- **Work instructions**
Although the data below contains pictures, output only the lines between those holding "ピンチョス、とっても美味しい。ツナをつかったものや、タコの料理など、" and "Onkologiska kliniken vid", inclusive, exactly and without those pictures.
━━━━━ Data for processing
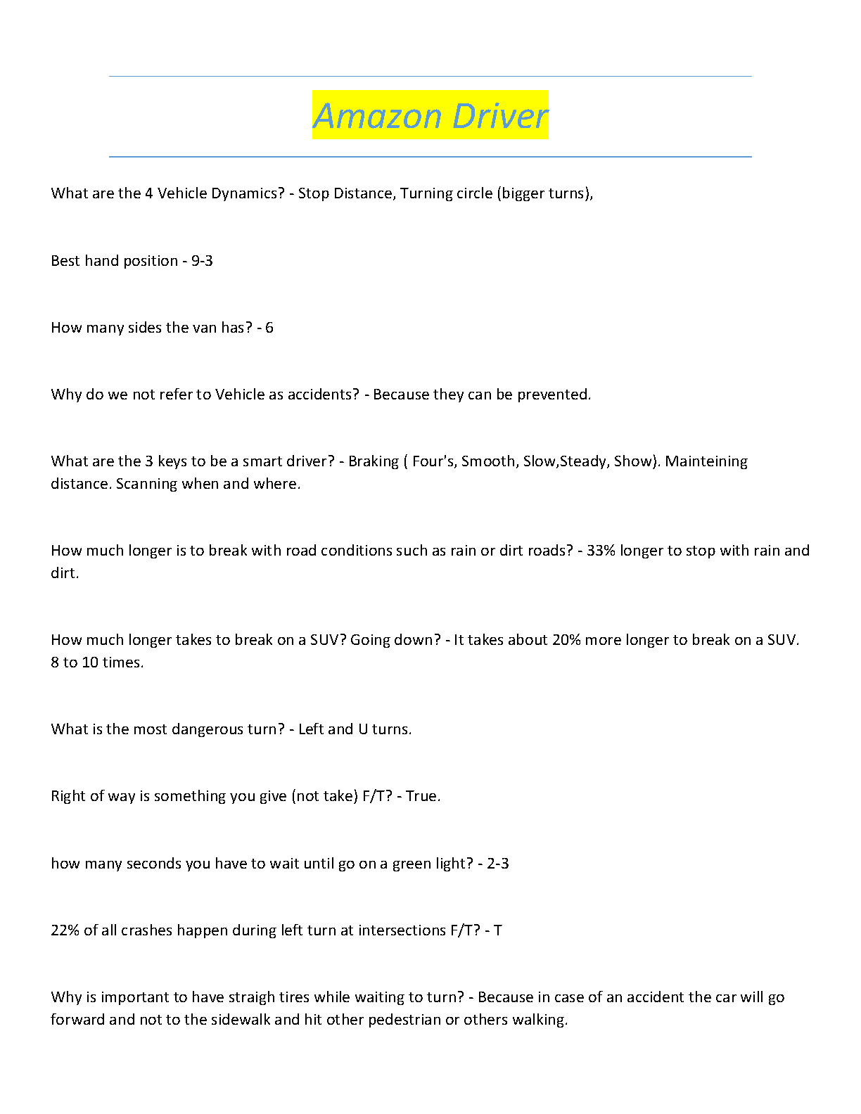 Ace your Amazon Driver assessment with our latest 2025/2026 study guide! This comprehensive test bank is packed with essential questions and detailed answers covering all key areas of the Amazon driver training program. Master topics like vehicle dynamics, safe turning, braking distances, and crucial on-road protocols. Designed to help you understand the material thoroughly and pass your test on the first attempt, this guide is your ultimate resource for becoming a successful and safe Amazon Delivery Associate. Avoid resits and start your career with confidence!
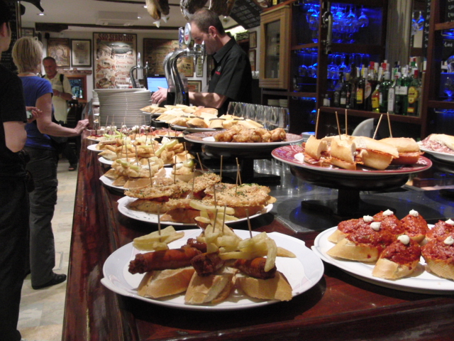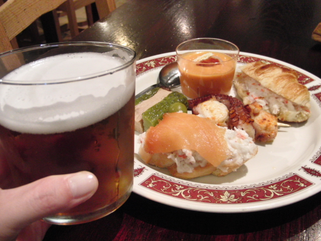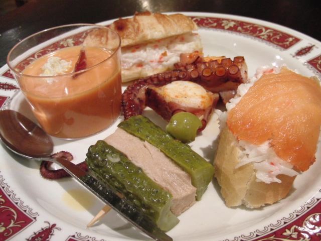 ピンチョス、とっても美味しい。ツナをつかったものや、タコの料理など、
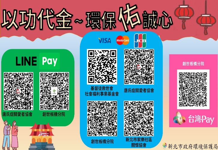| 推廣新北環境友善祭祀,民眾可至新北市好日子愛心大平台(https://goodday.ntpc.gov.tw/pwntpc/ )或四大超商事務機參加以功代金,響應活動做愛心。 | |
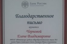 Благодарственным письмом ЦБ РФ по Республике Татарстан награждена Чернова Е.В. за участие в конкурсе педагогического мастерства «Лучший урок по финансовой грамотности» среди педагогов образовательных учреждений и авторскую методическую разработку, направленную на развитие финансового образования.
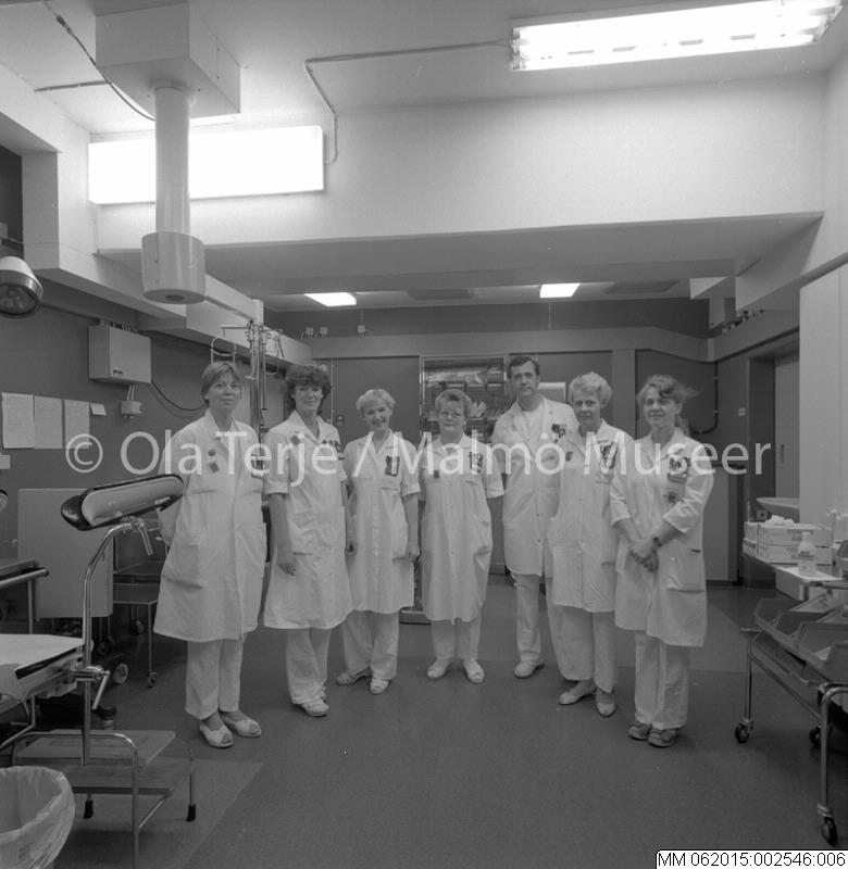Onkologiska kliniken vid Lunds Lasarett, gruppbild av personalen på gynekologimottagningen. 880216.
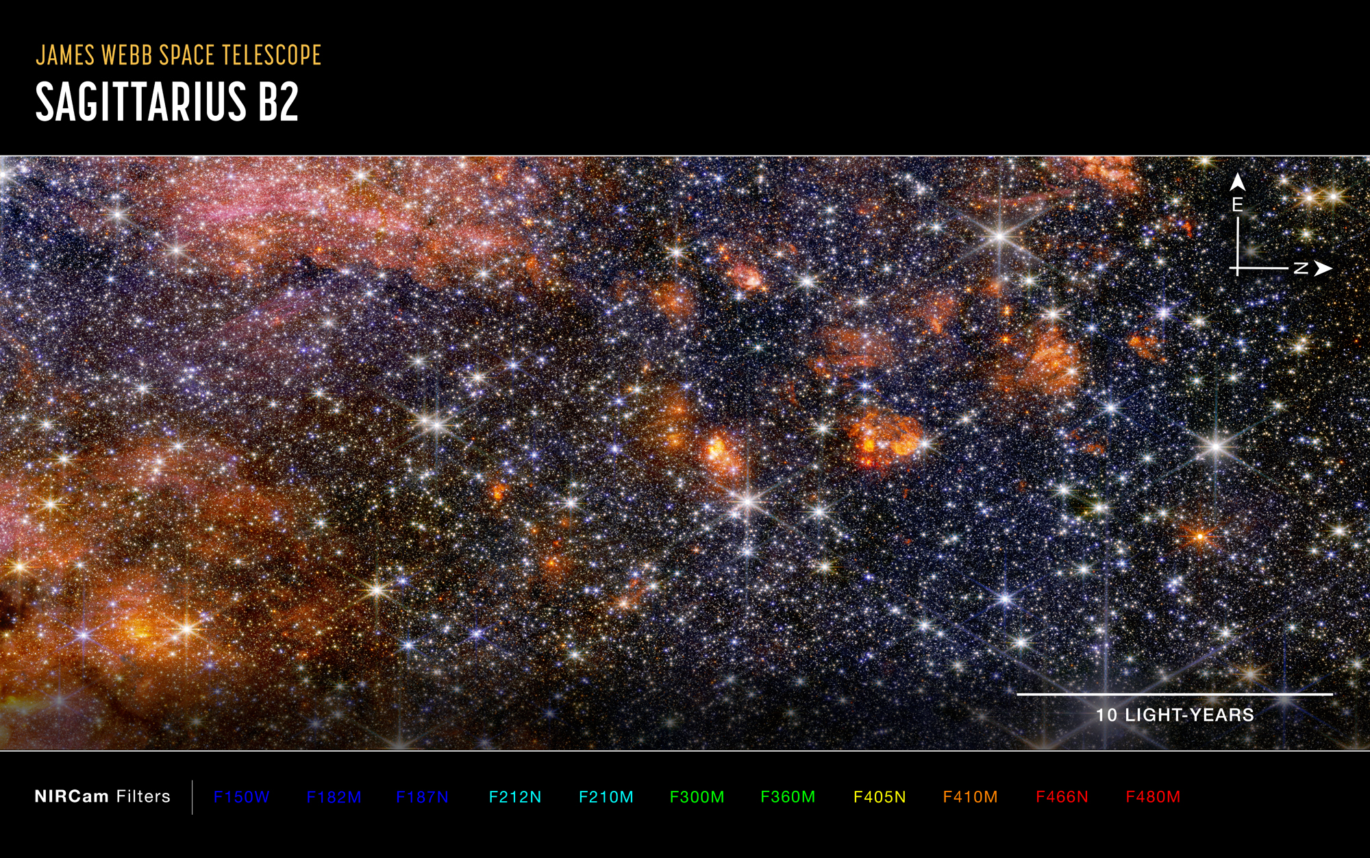 Stars, gas and cosmic dust in the Sagittarius B2 molecular cloud glow in near-infrared light, captured by Webb’s NIRCam (Near-Infrared Camera). In this light, astronomers see more of the region’s diverse, colorful stars, but less of its gas and dust structure. Webb’s instruments each provide astronomers with important information that help build a more complete picture of what is happening in this intriguing portion of the center of our galaxy.
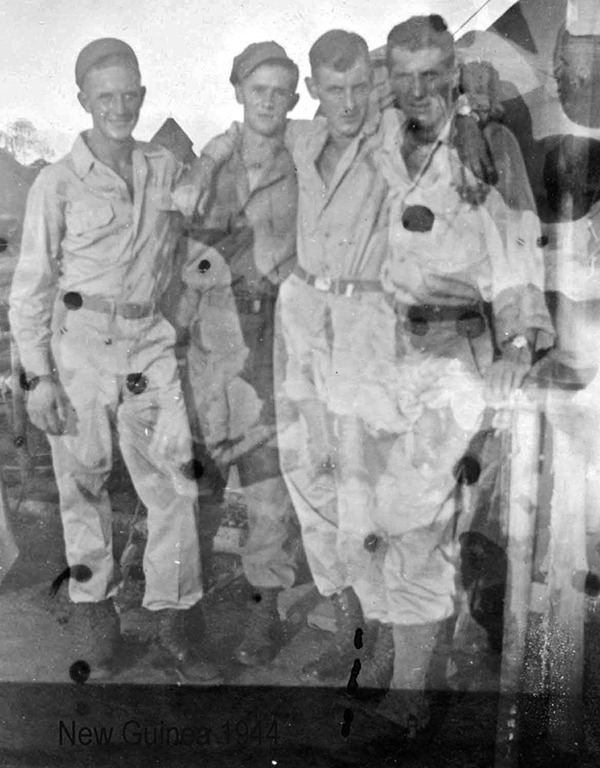 Photo at right: L-to-R: Pvt. C.J. Ross, Pfc. D.J. Hyatt, Cpl. William R. Walter, "Jim"; the Pinochle Players on New Guinea, 1944
━━━━━━━━━━
- **Task result**
 ピンチョス、とっても美味しい。ツナをつかったものや、タコの料理など、
| 推廣新北環境友善祭祀,民眾可至新北市好日子愛心大平台(https://goodday.ntpc.gov.tw/pwntpc/ )或四大超商事務機參加以功代金,響應活動做愛心。 | |
 Благодарственным письмом ЦБ РФ по Республике Татарстан награждена Чернова Е.В. за участие в конкурсе педагогического мастерства «Лучший урок по финансовой грамотности» среди педагогов образовательных учреждений и авторскую методическую разработку, направленную на развитие финансового образования.
Onkologiska kliniken vid Lunds Lasarett, gruppbild av personalen på gynekologimottagningen. 880216.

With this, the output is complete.